Alternately, maybe the AI has sophisticated self reflection. It is looking at its own kludges and trying to figure out what it values. In which case, does the AI's metaethics contain a simplicity prior? With a strong simplicity prior, an agent with a bunch of kludges that mostly maximized diamond could turn into an actual crystaline diamond maximizer. If it doesn't have that simplicity prior, I would guess it ended up optimizing some complicated utility function. (But probably producing a lot of diamond as it did so, diamond isn't the only component of it's utility, but it is a big one.)

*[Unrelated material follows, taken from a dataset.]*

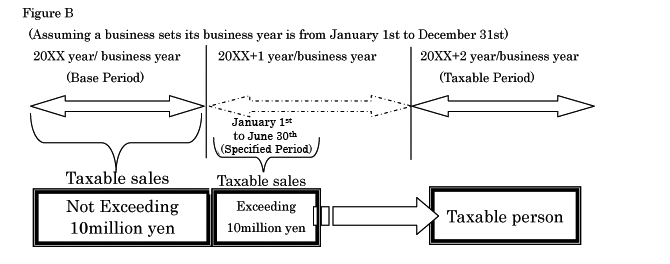 不属于上述第(1)、(2)项的业务,其指定期间应纳税销售额超过1000万日元的业务(指定期间原则上为纳税期间前一年的前六个月)。"1000万日元"的特定时期可以使用工资和相关支付总额来判断,而不是使用应税销售额。(Figure B)
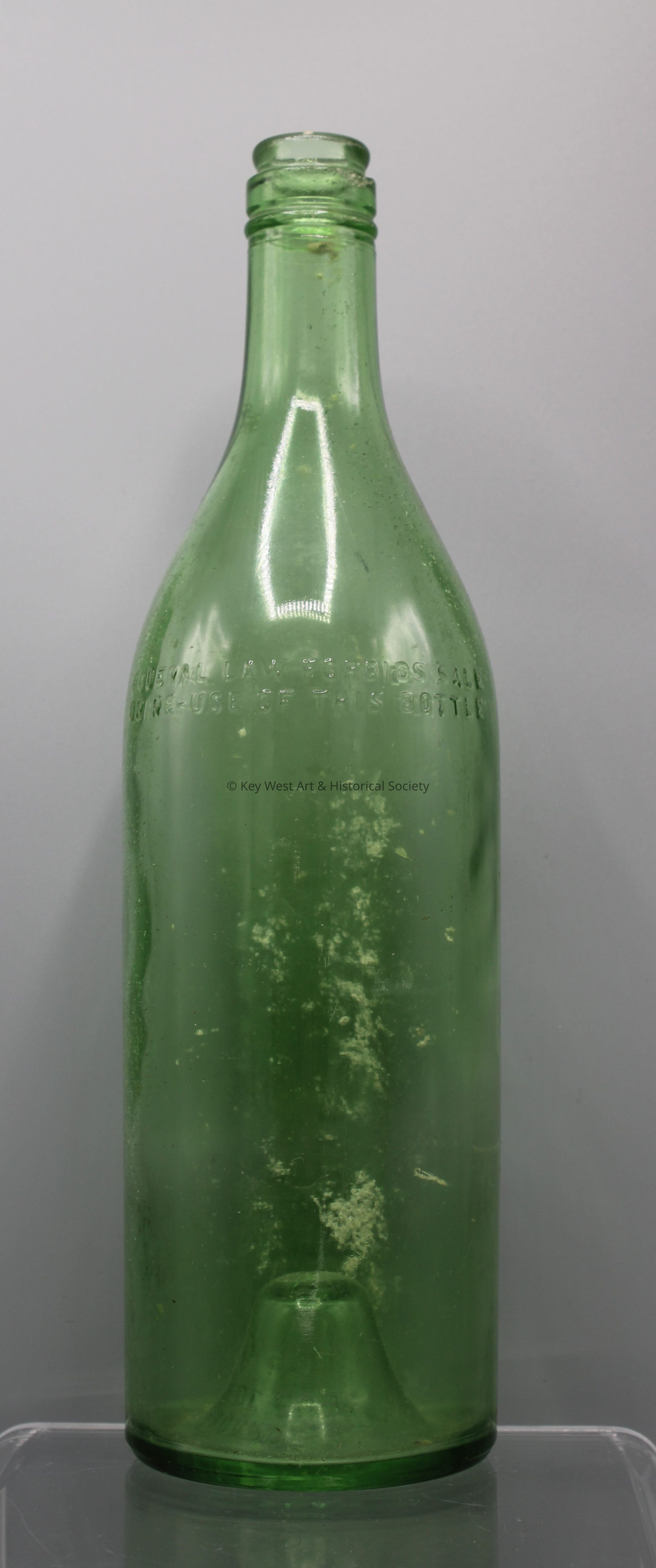 Green glass bottle with a tubular shape with a tapered neck and embossing on the upper third (1/3) reading 'Federal Law Forbids Sale / Or Re-Use Of This Bottle.' The base of the bottle is embossed with '65 (logo) 43' below this are the words 'Cia Ron Bacardi S.A. / Santiago De Cuba' that have been embossed upside down when compared to the other lettering.Use

For my part, I expect a pile of kludges (learned via online model-based RL) to eventually guide the AI into doing self-reflection. (Self-reflection is, after all, instrumentally convergent.) If I’m right, then it would be pretty hard to reason about what will happen during self-reflection in any detail. Likewise, it would be pretty hard to intervene in how the self-reflection will work.
E.g. we can’t just “put in” or “not put in” a simplicity prior. The closest thing that we could do is try to guess whether or not a “simplicity kludge” would have emerged, and to what extent that kludge would be active in the particular context of self-reflection, etc.—which seems awfully fraught.
To be clear, while I think it would be pretty hard to intervene on the self-reflection process, I don’t think it’s impossible. I don’t have any great ideas right now but it’s one of the things I’m working on.